Start of RECORDS FOR THE TASK

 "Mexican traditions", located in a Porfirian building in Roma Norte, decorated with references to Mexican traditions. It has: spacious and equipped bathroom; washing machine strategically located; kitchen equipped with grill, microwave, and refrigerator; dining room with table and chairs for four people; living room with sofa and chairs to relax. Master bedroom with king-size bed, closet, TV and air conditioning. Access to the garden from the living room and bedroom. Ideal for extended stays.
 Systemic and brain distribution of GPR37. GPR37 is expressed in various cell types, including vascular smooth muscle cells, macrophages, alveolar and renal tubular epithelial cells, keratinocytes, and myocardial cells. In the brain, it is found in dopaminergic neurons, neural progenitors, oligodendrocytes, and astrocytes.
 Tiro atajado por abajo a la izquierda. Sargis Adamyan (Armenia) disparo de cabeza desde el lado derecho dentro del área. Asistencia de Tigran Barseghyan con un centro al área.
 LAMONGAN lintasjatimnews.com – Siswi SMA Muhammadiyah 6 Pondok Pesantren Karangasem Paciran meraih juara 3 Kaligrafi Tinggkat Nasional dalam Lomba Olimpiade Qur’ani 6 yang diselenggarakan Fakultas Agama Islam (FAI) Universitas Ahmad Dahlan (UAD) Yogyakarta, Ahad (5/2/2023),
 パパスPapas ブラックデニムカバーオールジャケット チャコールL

End of RECORDS FOR THE TASK
Start of RECORDS FOR THE TASK

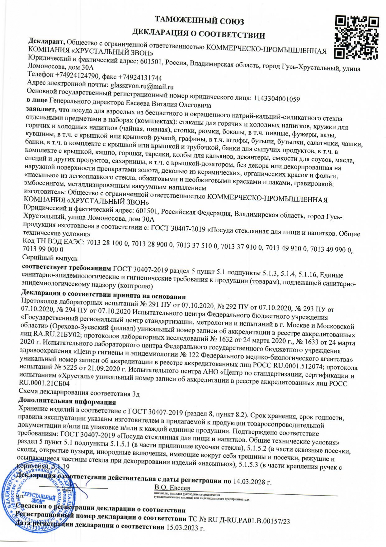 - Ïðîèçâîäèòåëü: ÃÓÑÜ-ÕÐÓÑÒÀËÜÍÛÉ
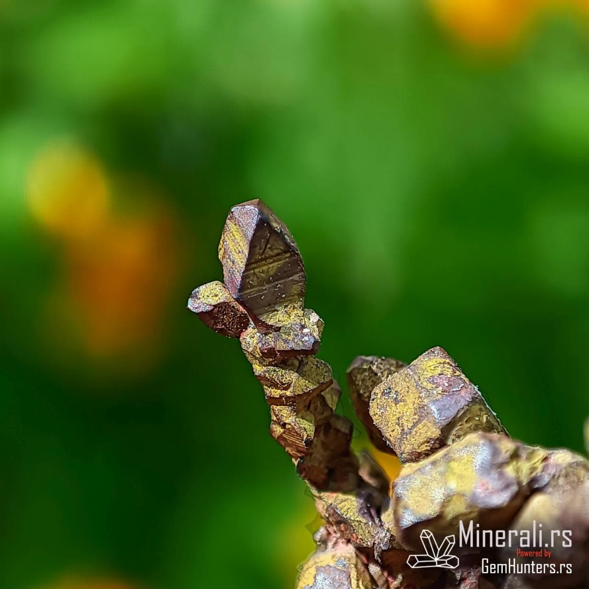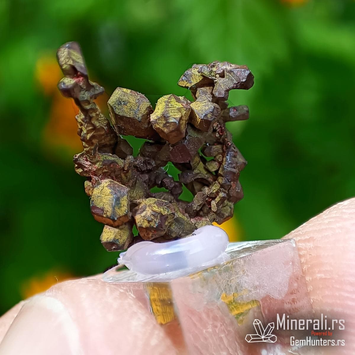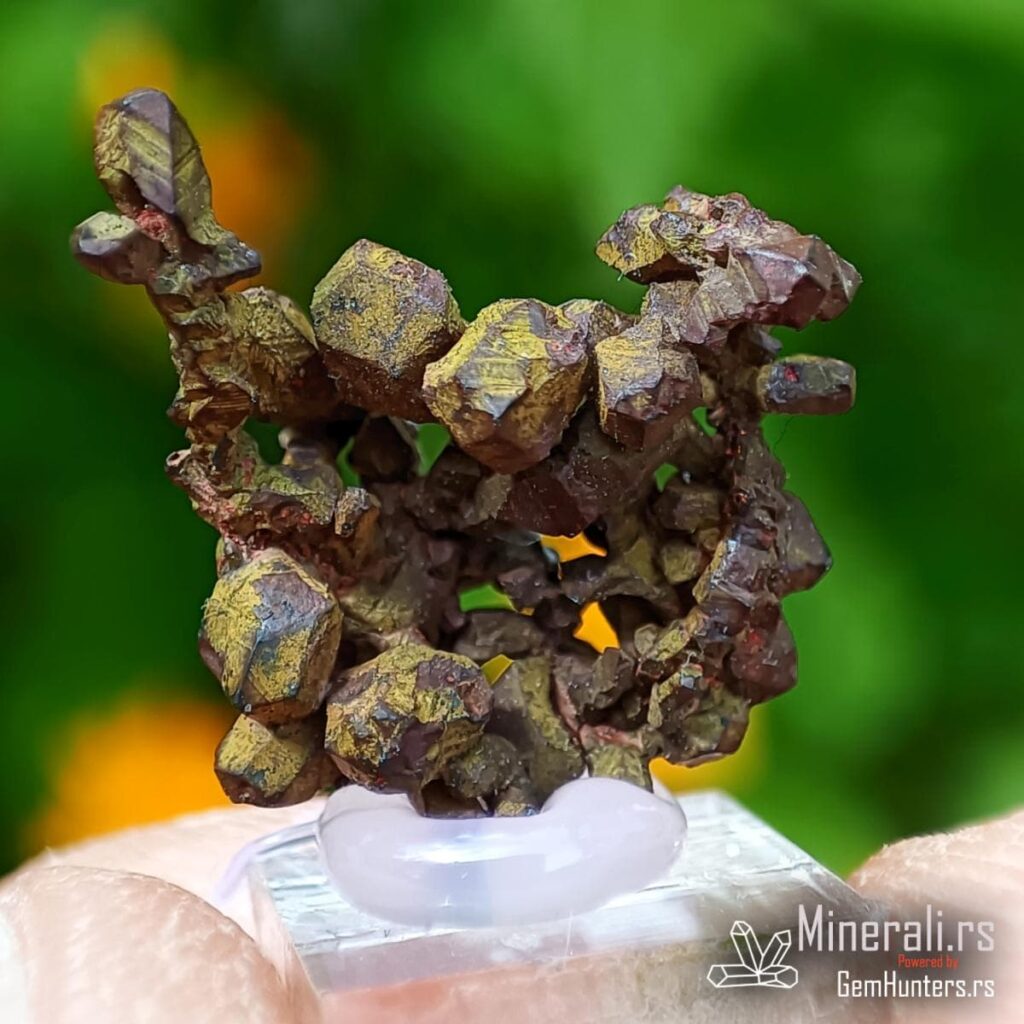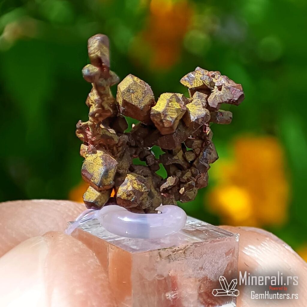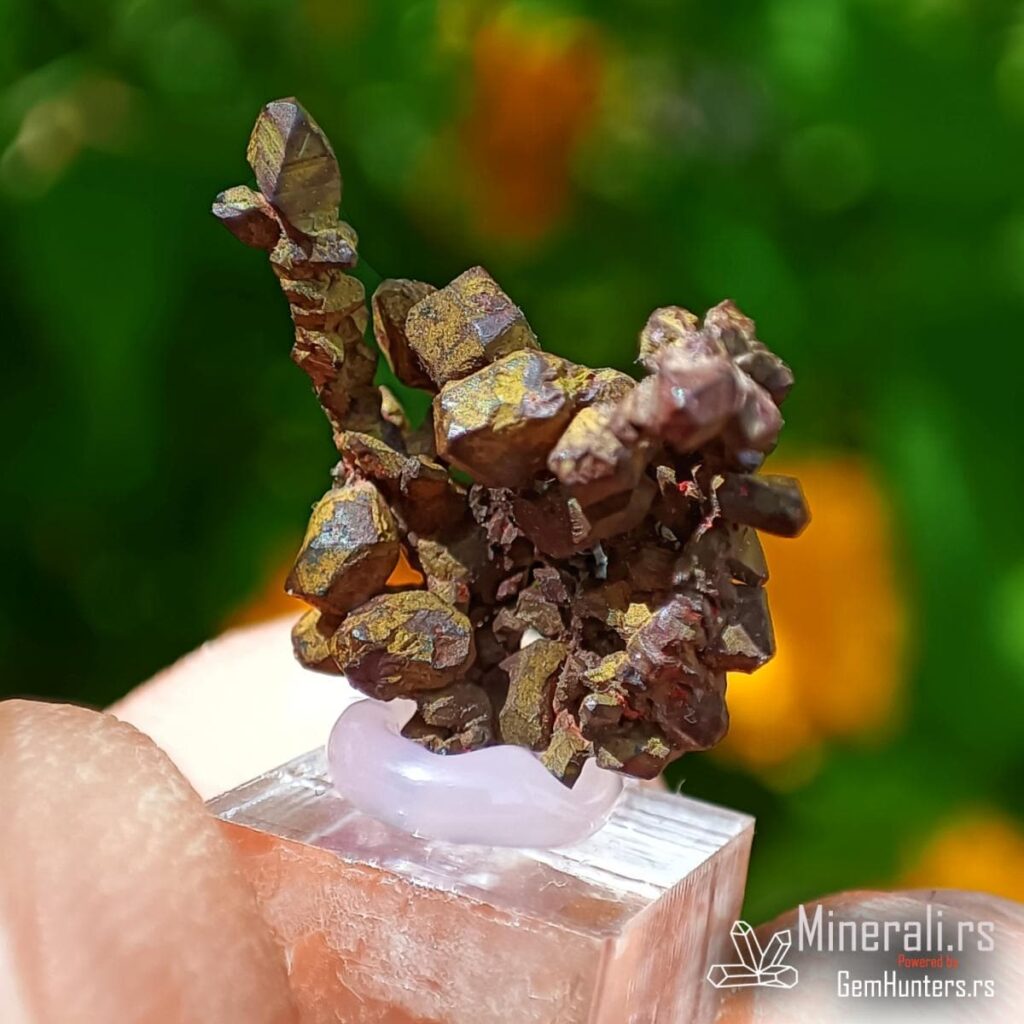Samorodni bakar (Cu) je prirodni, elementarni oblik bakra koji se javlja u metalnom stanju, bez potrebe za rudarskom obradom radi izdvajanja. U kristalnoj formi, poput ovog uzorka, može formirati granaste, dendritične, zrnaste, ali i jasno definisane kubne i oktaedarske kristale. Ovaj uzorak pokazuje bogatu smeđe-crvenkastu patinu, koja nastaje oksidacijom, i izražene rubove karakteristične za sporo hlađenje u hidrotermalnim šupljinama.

End of RECORDS FOR THE TASK
Start of RECORDS FOR THE TASK

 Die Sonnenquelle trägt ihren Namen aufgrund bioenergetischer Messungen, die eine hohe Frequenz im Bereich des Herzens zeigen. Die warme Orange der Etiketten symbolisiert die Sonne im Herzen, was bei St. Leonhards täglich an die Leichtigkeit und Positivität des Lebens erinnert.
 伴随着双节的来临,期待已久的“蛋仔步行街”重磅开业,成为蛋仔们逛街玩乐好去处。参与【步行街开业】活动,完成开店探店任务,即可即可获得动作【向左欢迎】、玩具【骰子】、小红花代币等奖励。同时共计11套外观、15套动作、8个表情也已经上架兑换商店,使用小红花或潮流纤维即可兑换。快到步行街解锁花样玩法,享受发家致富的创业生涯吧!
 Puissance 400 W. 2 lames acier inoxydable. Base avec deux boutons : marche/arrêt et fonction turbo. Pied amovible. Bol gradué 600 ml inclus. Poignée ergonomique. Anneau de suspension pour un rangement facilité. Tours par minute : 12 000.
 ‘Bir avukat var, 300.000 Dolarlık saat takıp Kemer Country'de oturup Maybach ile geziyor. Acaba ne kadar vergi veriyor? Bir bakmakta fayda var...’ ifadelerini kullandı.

End of RECORDS FOR THE TASK

**EXERCISE DESCRIPTION**
What is needed is an exact copy of the lines above, from the one containing "Systemic and brain" through the one containing "パパスPapas ブラックデニムカバーオールジャケット チャコールL", with nothing added.

**OUTPUT OF THE EXERCISE**
 Systemic and brain distribution of GPR37. GPR37 is expressed in various cell types, including vascular smooth muscle cells, macrophages, alveolar and renal tubular epithelial cells, keratinocytes, and myocardial cells. In the brain, it is found in dopaminergic neurons, neural progenitors, oligodendrocytes, and astrocytes.
 Tiro atajado por abajo a la izquierda. Sargis Adamyan (Armenia) disparo de cabeza desde el lado derecho dentro del área. Asistencia de Tigran Barseghyan con un centro al área.
 LAMONGAN lintasjatimnews.com – Siswi SMA Muhammadiyah 6 Pondok Pesantren Karangasem Paciran meraih juara 3 Kaligrafi Tinggkat Nasional dalam Lomba Olimpiade Qur’ani 6 yang diselenggarakan Fakultas Agama Islam (FAI) Universitas Ahmad Dahlan (UAD) Yogyakarta, Ahad (5/2/2023),
 パパスPapas ブラックデニムカバーオールジャケット チャコールL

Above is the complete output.